(Task statement)
Nothing may be left out of the listing below but its images; repeat the rest exactly.

(Data for the task)
:::::

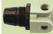
Mini Regulator, Lubricator Mini-régulateur, Lubrificateur NPT
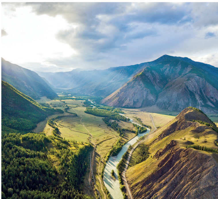
Долина реки Чуя

Дорога, отходящая от него на восток, приведет вас к глубоко-
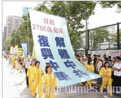
香港声援2700万退党游行

中共十七大刚落幕，海内外舆论普遍认为会议回避重大现实问题，如回避持续镇压八年的法轮功问题及隐瞒正发生的退党潮，十七大是中共各派权利妥协的产物，毫无新意。
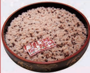
一升 3,850円(3,500円税抜価格) [47cmφ]
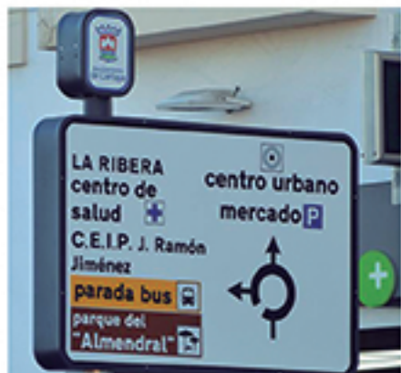
/ Renovación de la señalización vertical informativa de tráfico.
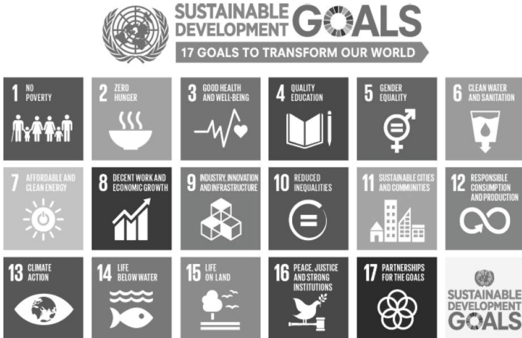
Rajah 1: Sustainable Development Goals

Setelah tamatnya MDG pada tahun 2015, PBB sekali lagi telah memperkenalkan sebuah dokumen jangka panjang bertempoh 15 tahun (dari tahun 2015 hingga tahun 2030) yang dikenali sebagai “Transforming Our World: The 2030 Global Agenda for Sustainable Development” . Dokumen ini telah disepakati oleh kebanyakan negara di dunia termasuklah Malaysia. Di dalam dokumen tersebut, terdapat 17 matlamat yang dikenali sebagai “Sustainable Development Goals” (SDG) dengan memfokuskan isu penting pembangunan global yang merangkumi aspek manusia, alam sekitar dan ekonomi. Senarai 17 matlamat SDG diringkaskan seperti dalam Rajah 1 di bawah.
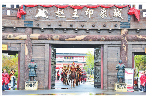
▲10月4日,广平县赵王印象城举办开城仪式。
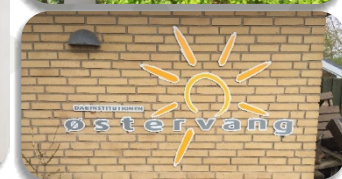
Billederne viser forskellige typer logoskilte
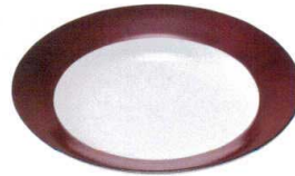
66326-026 1,260円 260266326 玉淵9吋スープ(235×42mm)
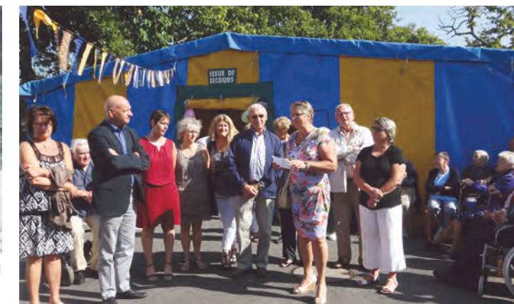
Les 20 ans de la MAPA
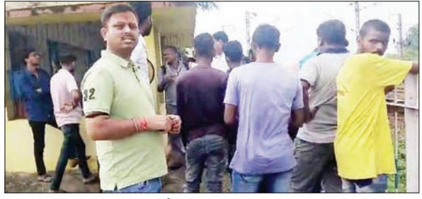
हंगामा करते स्थानीय लोग व मौके पर जुटी भीड़

चक्रधरपुर रेल मंडल में एक रेलकर्मि शराब पीकर ड्यूटी कर रहा था। मामला चक्रधरपुर रेल मंडल के भोया रेल फाटक का है। स्वतंत्रता दिवस के दिन इस फाटक पर जमकर बवाल हुआ। वह इसलिए कि रेल फाटक करीब ढाई घंटे तक बंद रहा और सड़क पर राहगीर परेशान रहे। दोनों तरफ वाहनों की लंबी कतार लग गई। जम कर राहगीरों ने रेल फाटक के गेटमैन से बात की तो वह गालीगलौज करने लगा। राहगीरों से बहस करने लगा। जब राहगीरों ने गेटमैन से कहा कि वह शराब पीकर ड्यूटी क्यों कर रहा है तो वह कहने लगा-हां पीकर ड्यूटी करता हूँ, तुम मेरा क्या कर लोगे। इसके बाद भी गेटमैन रुका नहीं, राहगीरों को धमकी देता रहा। इसके बाद लोगों ने इसकी जानकारी चक्रधरपुर रेल मंडल के डीआरएम से लेकर सीनियर
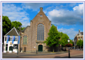
Janskerk (J) Janskerkhof 26 3512 BN

estkerk LANGE KOESTRAAT VREDENBURG Muziekcentrum Vredenburg
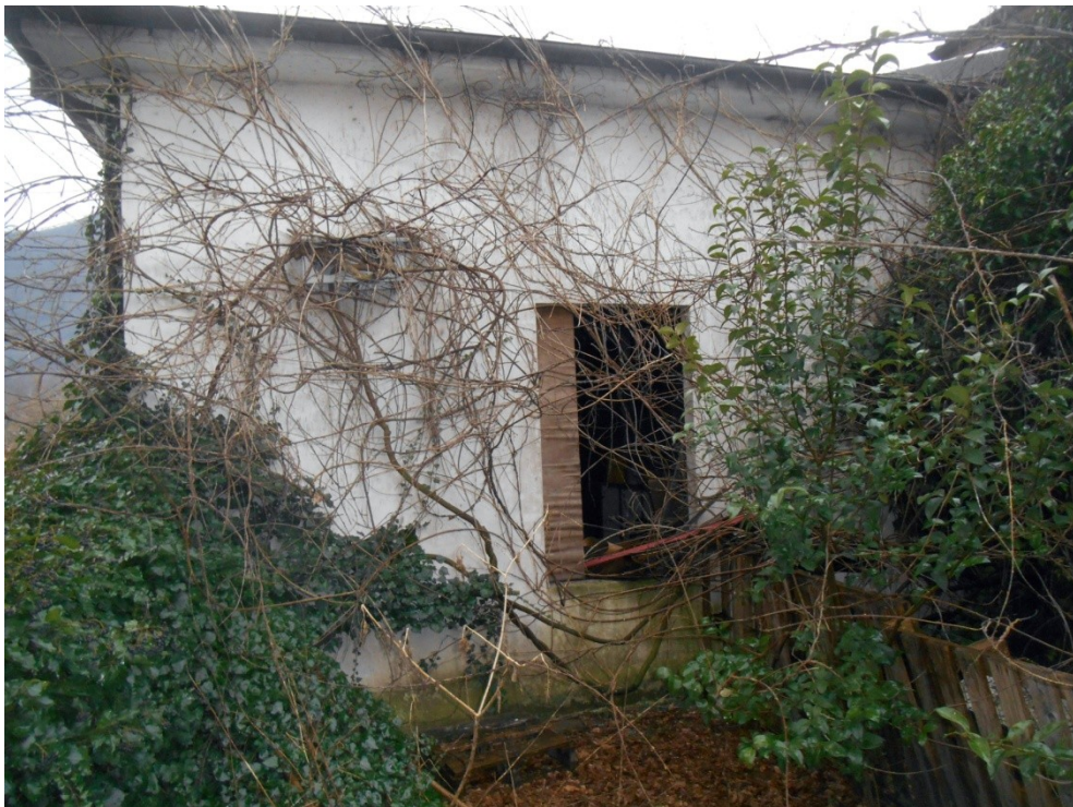
6 - veduta della facciata nord est del fabbricato pertinenziale mappale 622, dove si trovava il portone di accesso all'autorimessa oggi trasformato in finestra
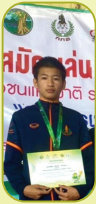
มวยสากล สมัครเล่น
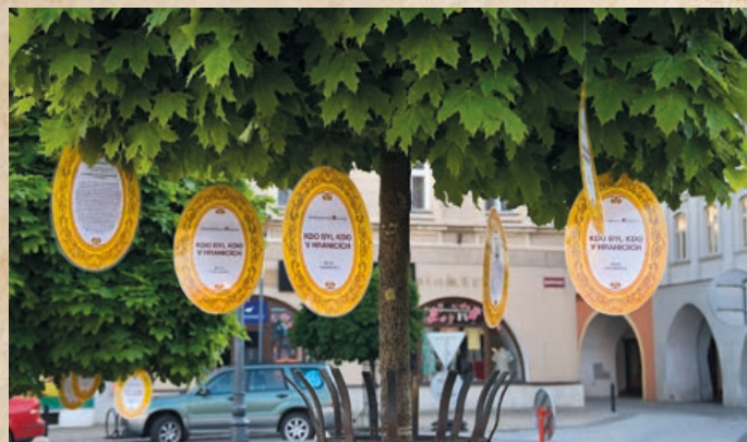
Oživením léta v Hranicích jsou medailony hranických osobností na stromech.

Projekt Knihovna v ulicích je malým historicko-vědným příspěvkem k oslavám 850 let vzniku města Hranice. Potrvá po celé léto až do konce září. Může tak
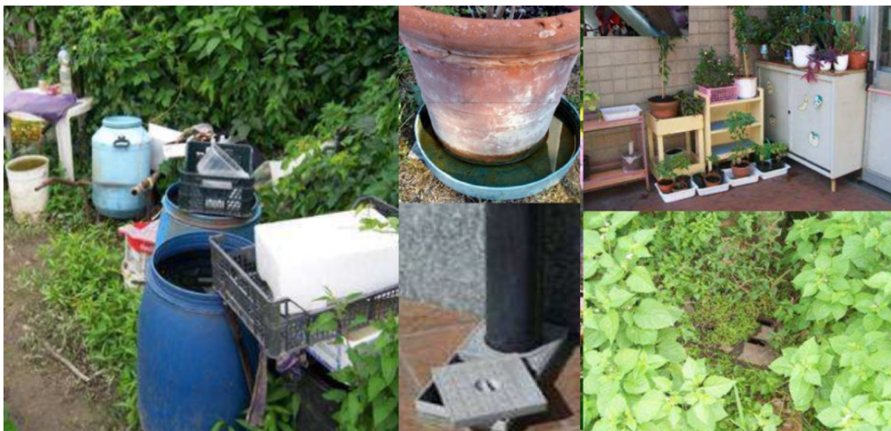
Alcuni esempi di focolai di sviluppo di zanzara tigre.

Abitazioni abbandonate, disordinate e manufatti incustoditi celano certamente focolai di zanzara tigre.
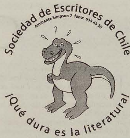
Autoadhesivo irónico contra la Sech.

Argumenta que la indignación que los embarga se produce porque ellos no representan al gremio, con suerte sólo a un 10% de los escritores de Chile. "Y el problema es que manejan recursos, no muchos, pero que no merecen", afirma el denunciante anónimo, y añade que "no tenemos intenciones de pole-
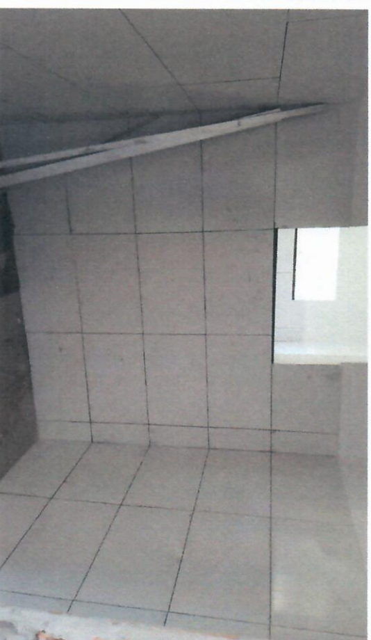
IMAGEM 004 E 005: CONCLUSÃO DA INSTALAÇÃO DOS REVESTIMENTOS DE PAREDE NO BLOCO 02;
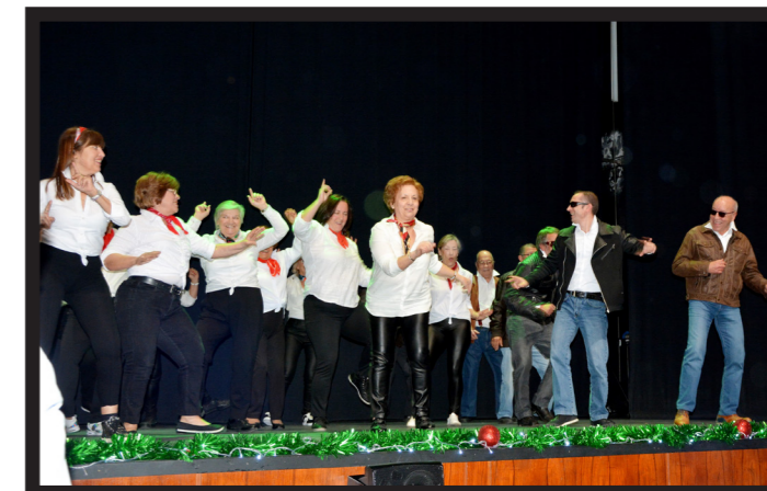
A TURMA DE DANÇAS DE SALÃO RECREOU 'GREASE'
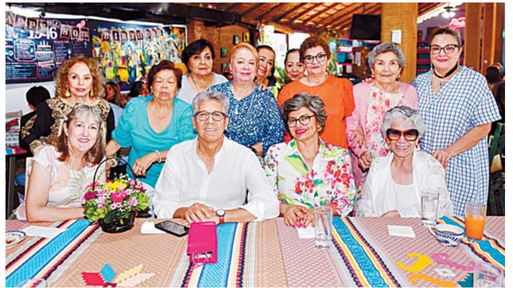
Sus amistades estuvieron presentes en tan importante evento.
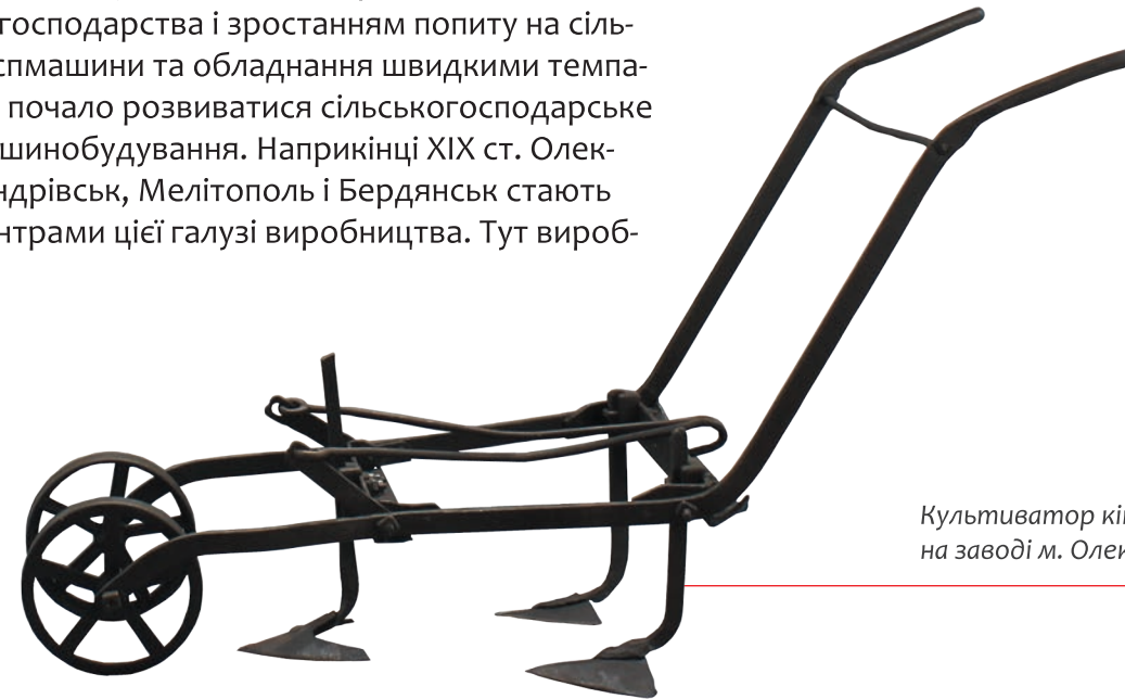
Культиватор кінця XIX ст., вироблений на заводі м. Олександрівська

У зв'язку з інтенсивним розвитком сільськогосподарства і зростанням попиту на сільгоспмашини та обладнання швидкими темпами почало розвиватися сільськогосподарське машинобудування. Наприкінці XIX ст. Олександрівськ, Мелітополь і Бердянськ стають центрами цієї галузі виробництва. Тут вироб-
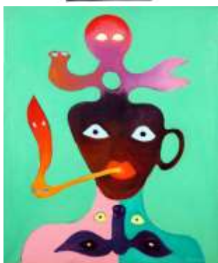
CF 416 James-Jacques BROWN Sans titre , 1974 Acrylique sur toile 55 x 46 cm Propriétaire : Collection Cérés Franco
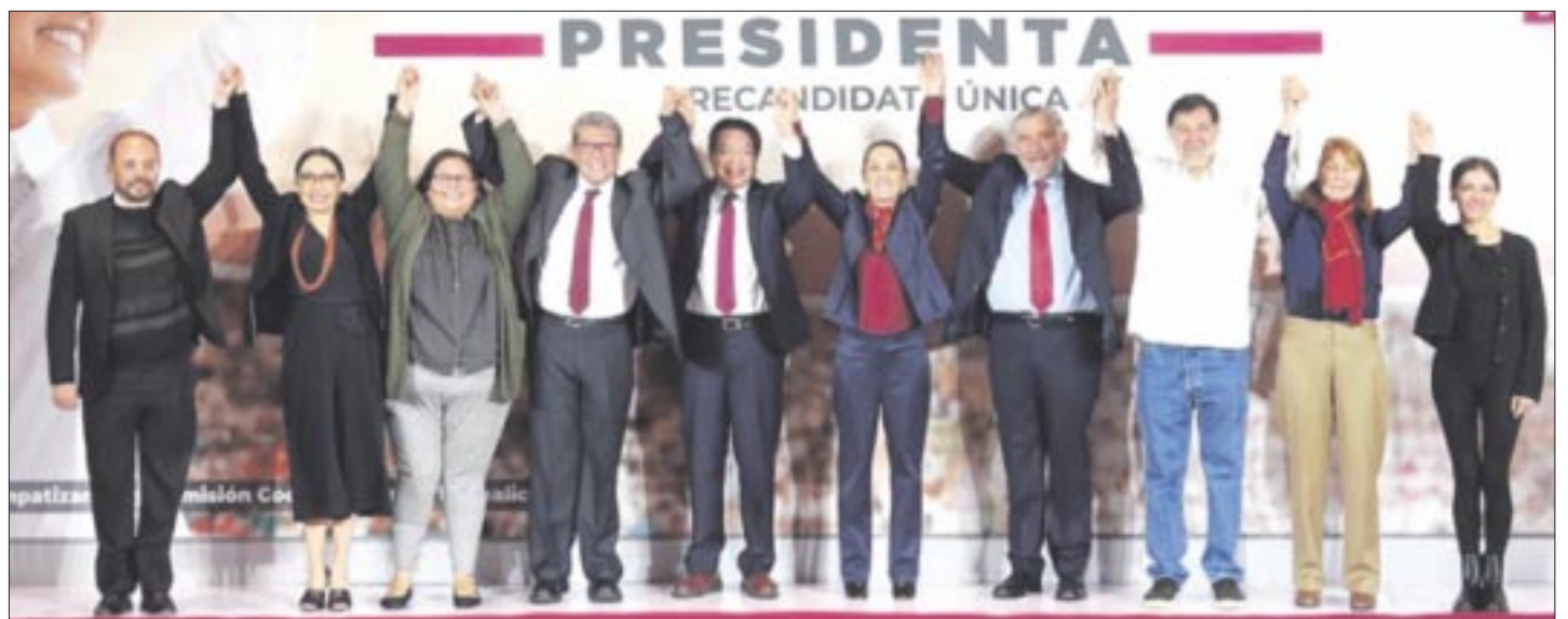
Ya son frecuentes los llamados a la unidad en Morena, por parte de la candidata presidencial Claudia Sheinbaum.
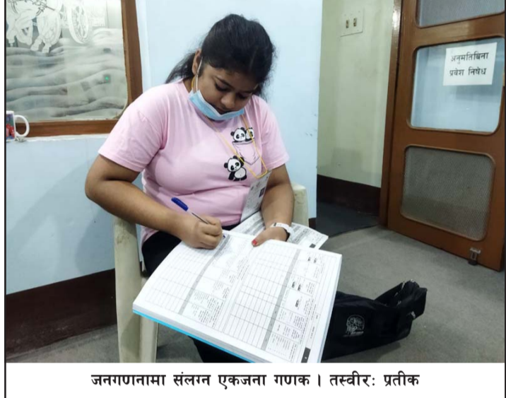
जनगणनामा संलग्न एकजना गणक ।
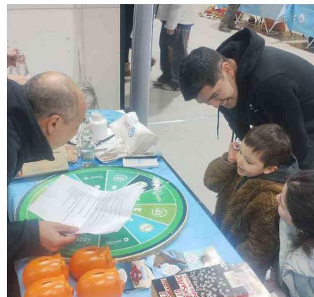
Los niños fueron protagonistas de un nuevo “Eco canje”

Christian Jiménez cijimenez@elpinguino.com
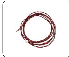
DCコード(2m) SCMC03-DC 電源電圧 DC6~24V
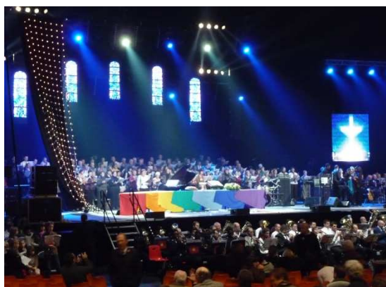
Culte au Zénith
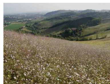
Campo con Vedovina

:::::

(Expected answer)
Mini Regulator, Lubricator Mini-régulateur, Lubrificateur NPT
Долина реки Чуя

Дорога, отходящая от него на восток, приведет вас к глубоко-
香港声援2700万退党游行

中共十七大刚落幕，海内外舆论普遍认为会议回避重大现实问题，如回避持续镇压八年的法轮功问题及隐瞒正发生的退党潮，十七大是中共各派权利妥协的产物，毫无新意。
一升 3,850円(3,500円税抜価格) [47cmφ]
/ Renovación de la señalización vertical informativa de tráfico.
Rajah 1: Sustainable Development Goals

Setelah tamatnya MDG pada tahun 2015, PBB sekali lagi telah memperkenalkan sebuah dokumen jangka panjang bertempoh 15 tahun (dari tahun 2015 hingga tahun 2030) yang dikenali sebagai “Transforming Our World: The 2030 Global Agenda for Sustainable Development” . Dokumen ini telah disepakati oleh kebanyakan negara di dunia termasuklah Malaysia. Di dalam dokumen tersebut, terdapat 17 matlamat yang dikenali sebagai “Sustainable Development Goals” (SDG) dengan memfokuskan isu penting pembangunan global yang merangkumi aspek manusia, alam sekitar dan ekonomi. Senarai 17 matlamat SDG diringkaskan seperti dalam Rajah 1 di bawah.
▲10月4日,广平县赵王印象城举办开城仪式。
Billederne viser forskellige typer logoskilte
66326-026 1,260円 260266326 玉淵9吋スープ(235×42mm)
Les 20 ans de la MAPA
हंगामा करते स्थानीय लोग व मौके पर जुटी भीड़

चक्रधरपुर रेल मंडल में एक रेलकर्मि शराब पीकर ड्यूटी कर रहा था। मामला चक्रधरपुर रेल मंडल के भोया रेल फाटक का है। स्वतंत्रता दिवस के दिन इस फाटक पर जमकर बवाल हुआ। वह इसलिए कि रेल फाटक करीब ढाई घंटे तक बंद रहा और सड़क पर राहगीर परेशान रहे। दोनों तरफ वाहनों की लंबी कतार लग गई। जम कर राहगीरों ने रेल फाटक के गेटमैन से बात की तो वह गालीगलौज करने लगा। राहगीरों से बहस करने लगा। जब राहगीरों ने गेटमैन से कहा कि वह शराब पीकर ड्यूटी क्यों कर रहा है तो वह कहने लगा-हां पीकर ड्यूटी करता हूँ, तुम मेरा क्या कर लोगे। इसके बाद भी गेटमैन रुका नहीं, राहगीरों को धमकी देता रहा। इसके बाद लोगों ने इसकी जानकारी चक्रधरपुर रेल मंडल के डीआरएम से लेकर सीनियर
Janskerk (J) Janskerkhof 26 3512 BN

estkerk LANGE KOESTRAAT VREDENBURG Muziekcentrum Vredenburg
6 - veduta della facciata nord est del fabbricato pertinenziale mappale 622, dove si trovava il portone di accesso all'autorimessa oggi trasformato in finestra
มวยสากล สมัครเล่น
Oživením léta v Hranicích jsou medailony hranických osobností na stromech.

Projekt Knihovna v ulicích je malým historicko-vědným příspěvkem k oslavám 850 let vzniku města Hranice. Potrvá po celé léto až do konce září. Může tak
Alcuni esempi di focolai di sviluppo di zanzara tigre.

Abitazioni abbandonate, disordinate e manufatti incustoditi celano certamente focolai di zanzara tigre.
Autoadhesivo irónico contra la Sech.

Argumenta que la indignación que los embarga se produce porque ellos no representan al gremio, con suerte sólo a un 10% de los escritores de Chile. "Y el problema es que manejan recursos, no muchos, pero que no merecen", afirma el denunciante anónimo, y añade que "no tenemos intenciones de pole-
IMAGEM 004 E 005: CONCLUSÃO DA INSTALAÇÃO DOS REVESTIMENTOS DE PAREDE NO BLOCO 02;
A TURMA DE DANÇAS DE SALÃO RECREOU 'GREASE'
Sus amistades estuvieron presentes en tan importante evento.
Культиватор кінця XIX ст., вироблений на заводі м. Олександрівська

У зв'язку з інтенсивним розвитком сільськогосподарства і зростанням попиту на сільгоспмашини та обладнання швидкими темпами почало розвиватися сільськогосподарське машинобудування. Наприкінці XIX ст. Олександрівськ, Мелітополь і Бердянськ стають центрами цієї галузі виробництва. Тут вироб-
CF 416 James-Jacques BROWN Sans titre , 1974 Acrylique sur toile 55 x 46 cm Propriétaire : Collection Cérés Franco
Ya son frecuentes los llamados a la unidad en Morena, por parte de la candidata presidencial Claudia Sheinbaum.
जनगणनामा संलग्न एकजना गणक ।
Los niños fueron protagonistas de un nuevo “Eco canje”

Christian Jiménez cijimenez@elpinguino.com
DCコード(2m) SCMC03-DC 電源電圧 DC6~24V
Culte au Zénith
Campo con Vedovina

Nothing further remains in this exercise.